### Assigned task
Starting at the line below with "Minieme gebruikssporen, getest" and stopping at the line with "This icon pack", please print each line exactly, those two included, and skip every picture.

### Dataset content
[Start of Attachment]
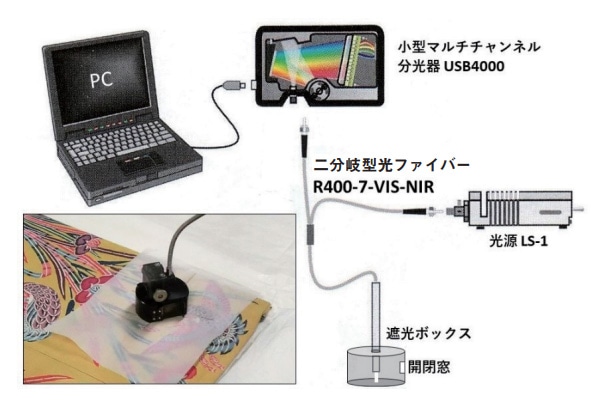 可視-近赤外線 Rfスペクトル測定装置の構成を図8に示した。Ocean Optics USA 製の二分岐型光ファイバー R400-7-VIS-NIR を用い、照射側の光ファイバーを同社製の光源 LS-1(タングステン・ハロゲンランプ)に取り付け、受光側の光ファイバーを同社製の小型マルチチャンネル分光器 USB4000に取り付けて使用している。例えば、紅型衣装の可視-近赤外 Rfスペクトル測定では、円形の窓を切り抜いた保護紙を紅型衣装の上に置き、窓の中心に測定点と定める箇所が配置されるように被せ、その上に光ファイバーの先端を挿入した遮光ボックス(390 g)を置く。次に、遮光ボックスの開閉窓から中を覗き込み、中にある光ファイバーの先端から測定点と定めた位置に光が照射されるよう微調整し、試料面との間隔を約3 mm 空けて、可視光線の領域から近赤外線領域の光(380 ~ 1000 nm)をピンポイント(1 mm φ)で照射する。そして、測定点から反射してくる光は、他方の光ファイバーから分光器に取り込み、波長毎に分光して可視光線領域から近赤外線領域の分光反射率曲線、すなわち可視-近赤外 Rfスペクトルを PC のディスプレーに表示させる。なお、この装置は、遮光ボックスを使用しなくても、光ファイバーの先端を測定点と定めた箇所に約3 mm 程近づければ、即座に反射してくる光が取り込まれ PC のディスプレーに映し出され、非破壊で可視-近赤外 Rfスペクトルが計測できるので、後述する《浮世絵版画に使用された「青」の色材》において記載したように、数多くの浮世絵版画を短時間に調査することができた。
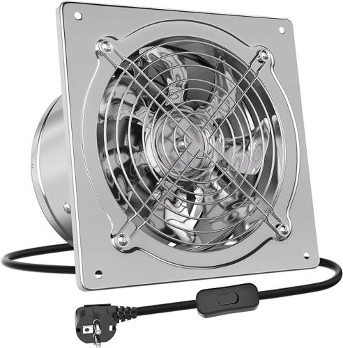 Minieme gebruikssporen, getest en werkend, volledig, ok, HG Power Afvoerventilator, 200 mm, 980 m³/uur, badkamerventilator, stil, met terugloopklep, krachtige wandventilator met EU-stekker voor keuken, badkamer, garage, kelder, zilver, B0CFZDBQF3
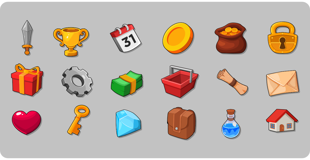 This icon pack contains a variety of commonly used icons. 18 different icons in both SVG and (256x256) PNG format.
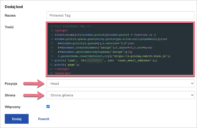 3. Nadaj nazwę i wklej skopiowany kod w polu Treść. Wybierz pozycję Head na Stronie głównej. Kliknij Dodaj.
[End of Attachment]
### Solution
 Minieme gebruikssporen, getest en werkend, volledig, ok, HG Power Afvoerventilator, 200 mm, 980 m³/uur, badkamerventilator, stil, met terugloopklep, krachtige wandventilator met EU-stekker voor keuken, badkamer, garage, kelder, zilver, B0CFZDBQF3
 This icon pack contains a variety of commonly used icons. 18 different icons in both SVG and (256x256) PNG format.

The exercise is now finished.